■ GIVEN INFORMATION ■
----------

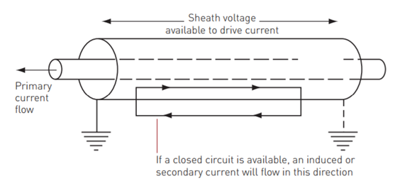 케이블에 시스가 있으면 중심도체와 시스 간에 전자기연결 (Electromagnetic coupling)이 발생하여 Faraday의 법칙에 따라 시스에 유기 전압이 발생합니다.
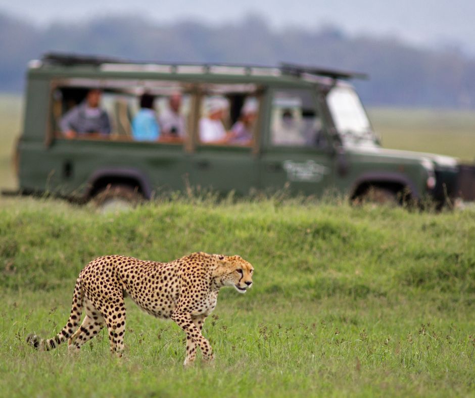 The guests, groom, and bride are transported to the location with our safari vehicles
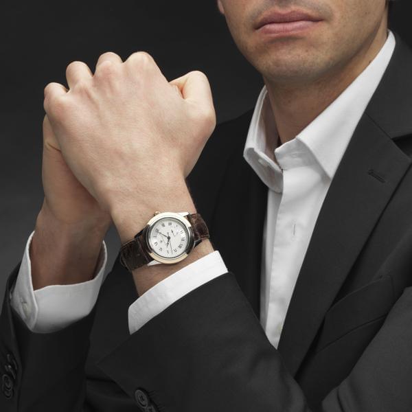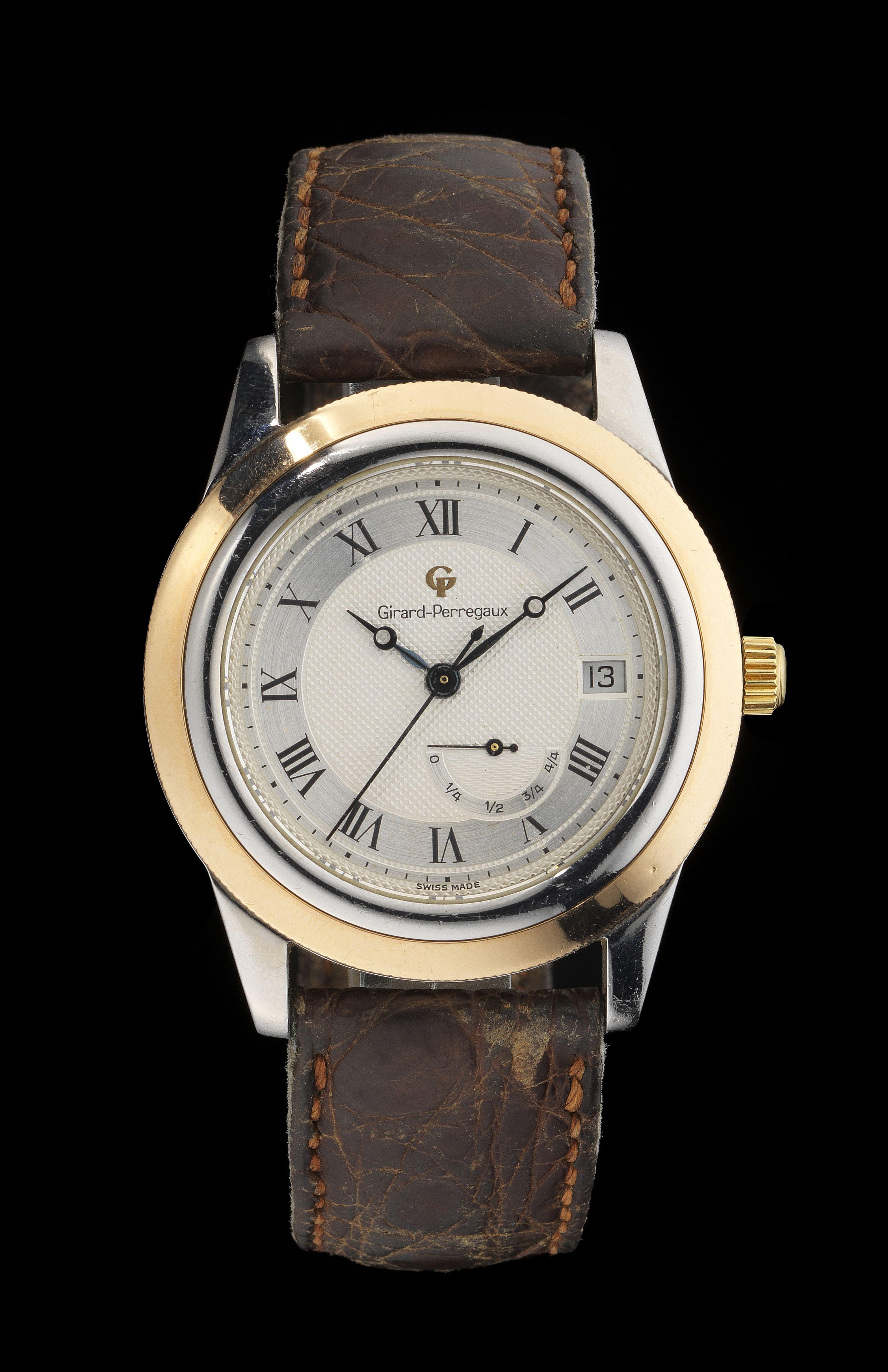 Cadran guillauché argenté, aiguilles bleuies, chiffres romains noirs, date à guichet à 3h, réserve de marche, or et acier,réf. 1020, D 37 mm

----------

Give back the material word for word, leaving out its pictures.

■ ANSWER FOR THE TASK ■
 케이블에 시스가 있으면 중심도체와 시스 간에 전자기연결 (Electromagnetic coupling)이 발생하여 Faraday의 법칙에 따라 시스에 유기 전압이 발생합니다.
 The guests, groom, and bride are transported to the location with our safari vehicles
 Cadran guillauché argenté, aiguilles bleuies, chiffres romains noirs, date à guichet à 3h, réserve de marche, or et acier,réf. 1020, D 37 mm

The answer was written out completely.